Task description — Below is a listing. Return the lines from the one that contains "- TWO NIGHTSTANDS:??The" to the one that contains "-. Feature : SUPERIOR", both ends included, verbatim and with no pictures.

Data supplied —
++++

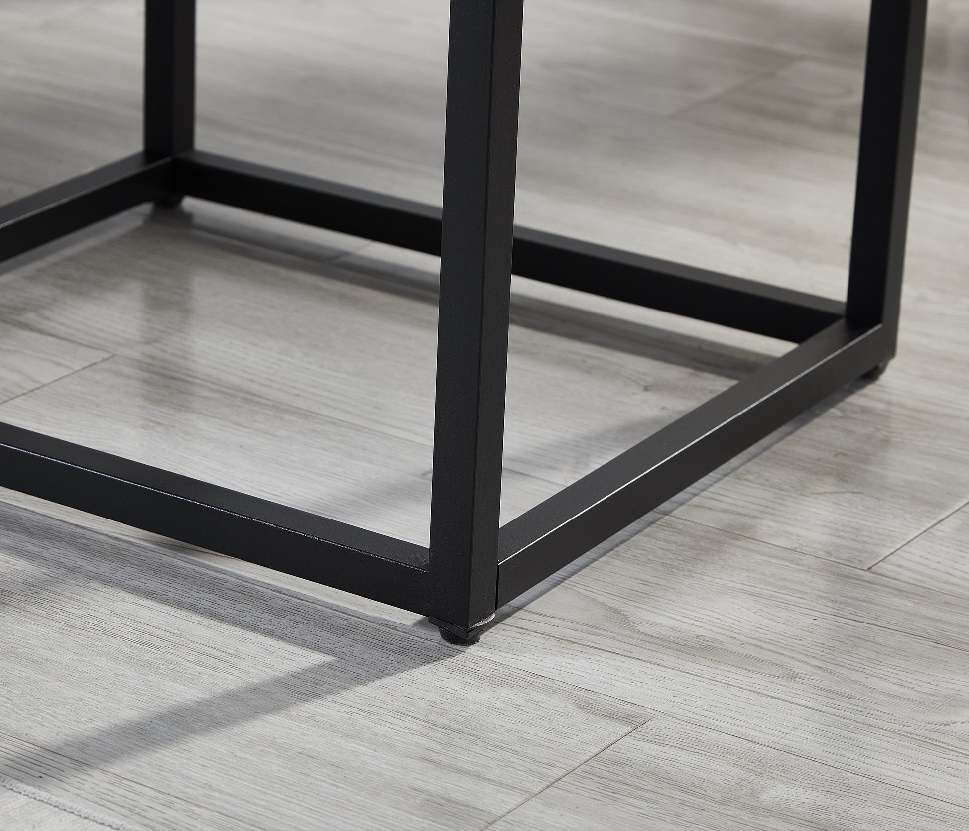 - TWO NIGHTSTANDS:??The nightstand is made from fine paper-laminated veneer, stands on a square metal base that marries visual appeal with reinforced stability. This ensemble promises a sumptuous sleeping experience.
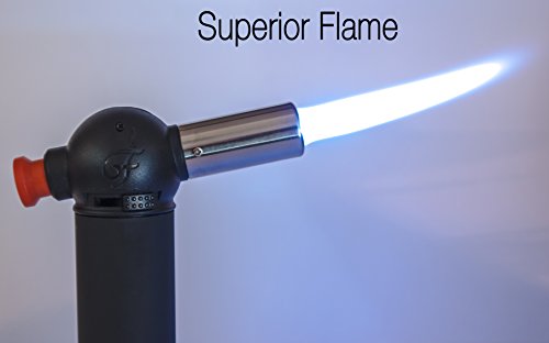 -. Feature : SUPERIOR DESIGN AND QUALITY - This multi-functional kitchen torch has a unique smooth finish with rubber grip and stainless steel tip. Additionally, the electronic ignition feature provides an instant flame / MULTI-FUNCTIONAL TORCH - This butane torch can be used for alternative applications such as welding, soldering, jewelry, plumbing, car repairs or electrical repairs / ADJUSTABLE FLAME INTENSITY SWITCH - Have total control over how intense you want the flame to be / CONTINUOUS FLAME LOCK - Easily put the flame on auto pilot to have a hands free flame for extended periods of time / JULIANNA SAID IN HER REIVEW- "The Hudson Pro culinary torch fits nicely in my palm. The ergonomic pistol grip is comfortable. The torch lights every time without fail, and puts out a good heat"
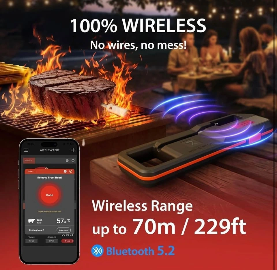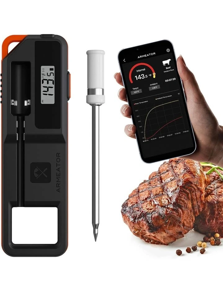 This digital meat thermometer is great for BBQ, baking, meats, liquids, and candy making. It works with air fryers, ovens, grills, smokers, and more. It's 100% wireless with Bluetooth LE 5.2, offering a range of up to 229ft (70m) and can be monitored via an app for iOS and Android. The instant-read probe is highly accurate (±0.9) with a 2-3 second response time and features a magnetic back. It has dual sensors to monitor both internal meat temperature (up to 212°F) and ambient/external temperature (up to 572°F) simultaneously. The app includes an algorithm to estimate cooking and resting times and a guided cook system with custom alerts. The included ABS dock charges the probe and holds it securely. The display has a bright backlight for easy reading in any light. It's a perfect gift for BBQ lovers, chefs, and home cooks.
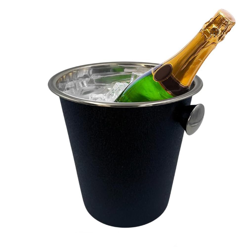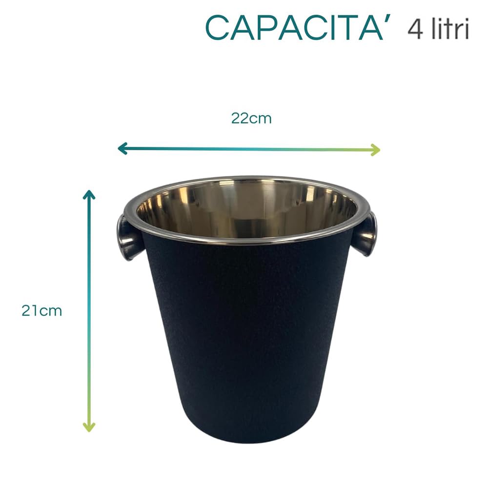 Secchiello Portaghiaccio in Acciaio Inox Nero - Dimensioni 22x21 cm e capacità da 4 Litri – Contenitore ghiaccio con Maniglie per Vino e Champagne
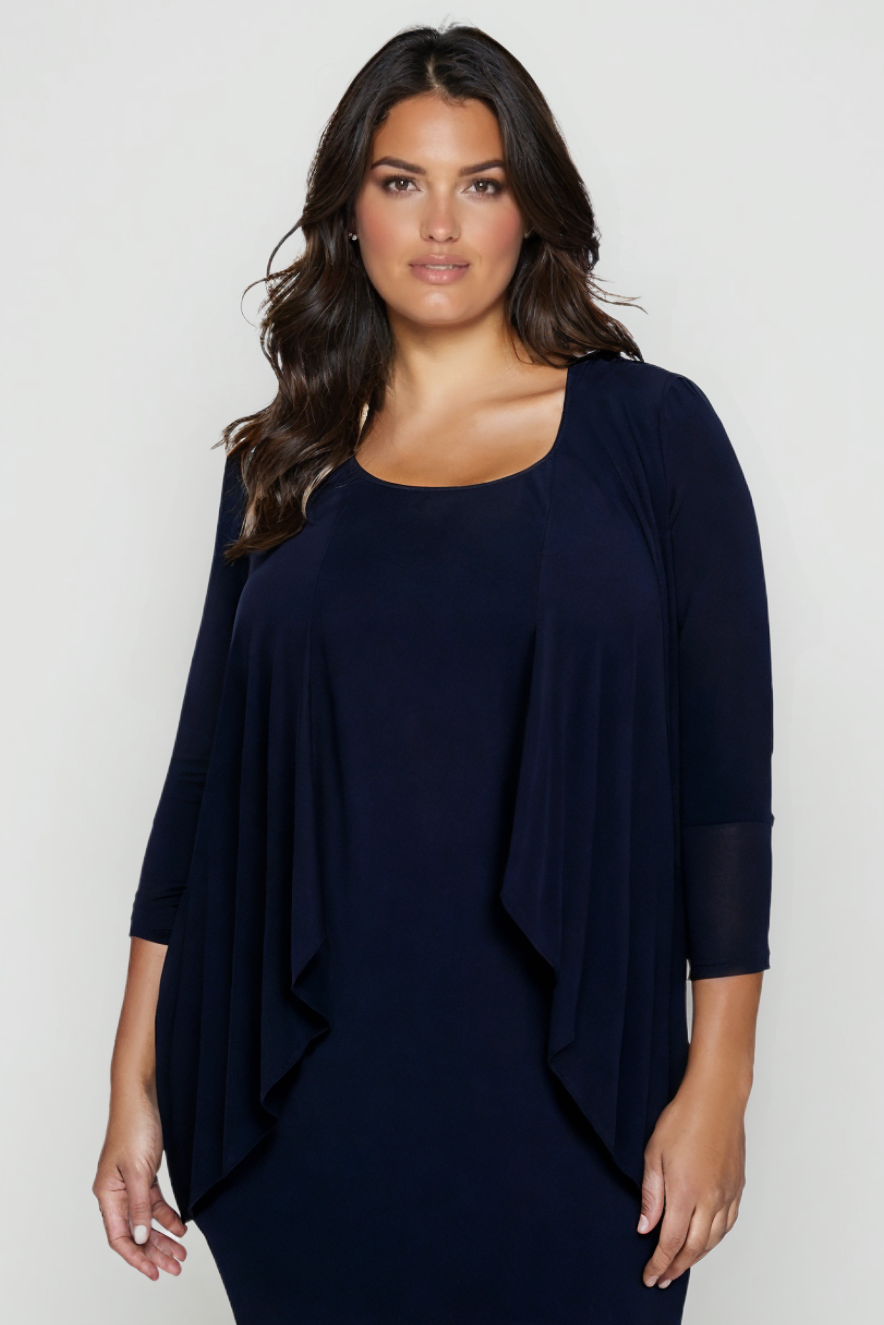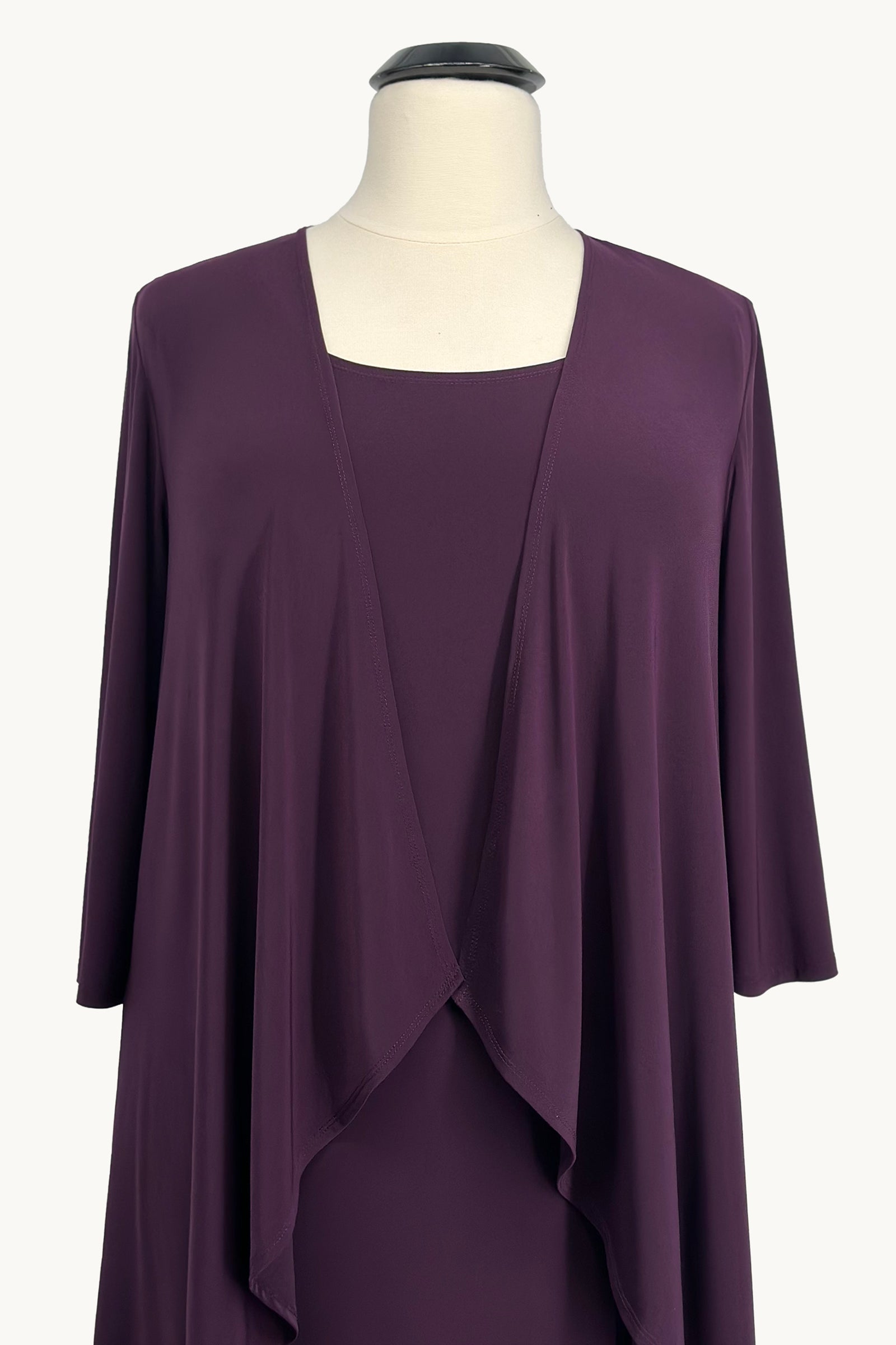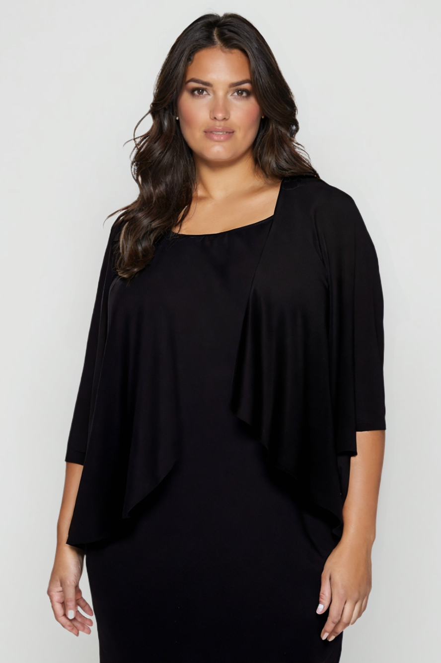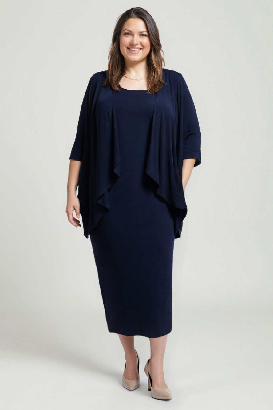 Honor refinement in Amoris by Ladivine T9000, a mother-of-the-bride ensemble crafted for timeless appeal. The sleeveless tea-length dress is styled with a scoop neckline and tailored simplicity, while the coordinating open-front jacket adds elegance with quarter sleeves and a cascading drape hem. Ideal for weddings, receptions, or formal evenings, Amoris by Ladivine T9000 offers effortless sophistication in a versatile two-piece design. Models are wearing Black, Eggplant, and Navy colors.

++++

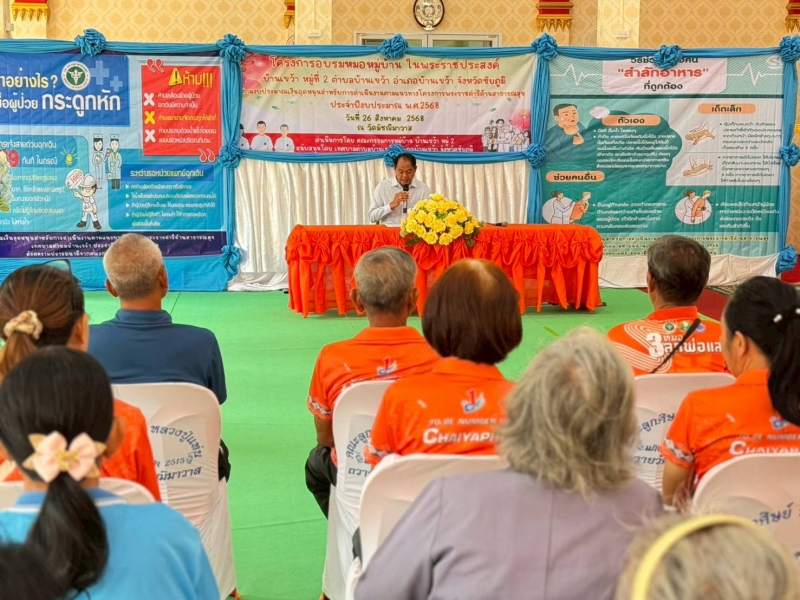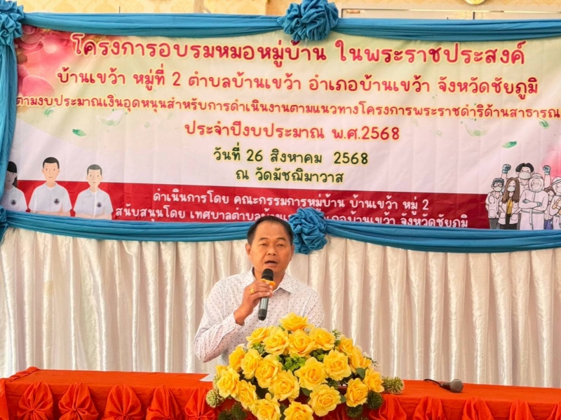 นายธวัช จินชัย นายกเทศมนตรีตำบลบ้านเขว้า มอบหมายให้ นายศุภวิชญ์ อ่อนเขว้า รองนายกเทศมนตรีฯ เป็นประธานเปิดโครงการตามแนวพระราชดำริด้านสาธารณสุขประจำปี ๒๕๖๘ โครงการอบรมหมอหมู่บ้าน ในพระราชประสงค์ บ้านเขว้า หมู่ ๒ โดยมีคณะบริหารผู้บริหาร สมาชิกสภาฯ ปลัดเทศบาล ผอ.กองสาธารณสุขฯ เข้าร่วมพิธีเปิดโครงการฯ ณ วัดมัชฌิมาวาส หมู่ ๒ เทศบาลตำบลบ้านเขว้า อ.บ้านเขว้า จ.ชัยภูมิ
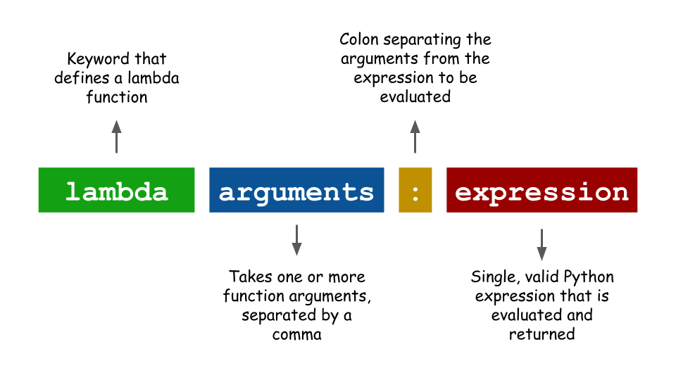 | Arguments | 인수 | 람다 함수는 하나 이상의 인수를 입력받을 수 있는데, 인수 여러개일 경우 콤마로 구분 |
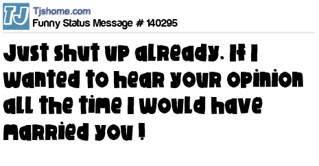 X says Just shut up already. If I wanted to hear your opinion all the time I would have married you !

++++

Completed task —
 - TWO NIGHTSTANDS:??The nightstand is made from fine paper-laminated veneer, stands on a square metal base that marries visual appeal with reinforced stability. This ensemble promises a sumptuous sleeping experience.
 -. Feature : SUPERIOR DESIGN AND QUALITY - This multi-functional kitchen torch has a unique smooth finish with rubber grip and stainless steel tip. Additionally, the electronic ignition feature provides an instant flame / MULTI-FUNCTIONAL TORCH - This butane torch can be used for alternative applications such as welding, soldering, jewelry, plumbing, car repairs or electrical repairs / ADJUSTABLE FLAME INTENSITY SWITCH - Have total control over how intense you want the flame to be / CONTINUOUS FLAME LOCK - Easily put the flame on auto pilot to have a hands free flame for extended periods of time / JULIANNA SAID IN HER REIVEW- "The Hudson Pro culinary torch fits nicely in my palm. The ergonomic pistol grip is comfortable. The torch lights every time without fail, and puts out a good heat"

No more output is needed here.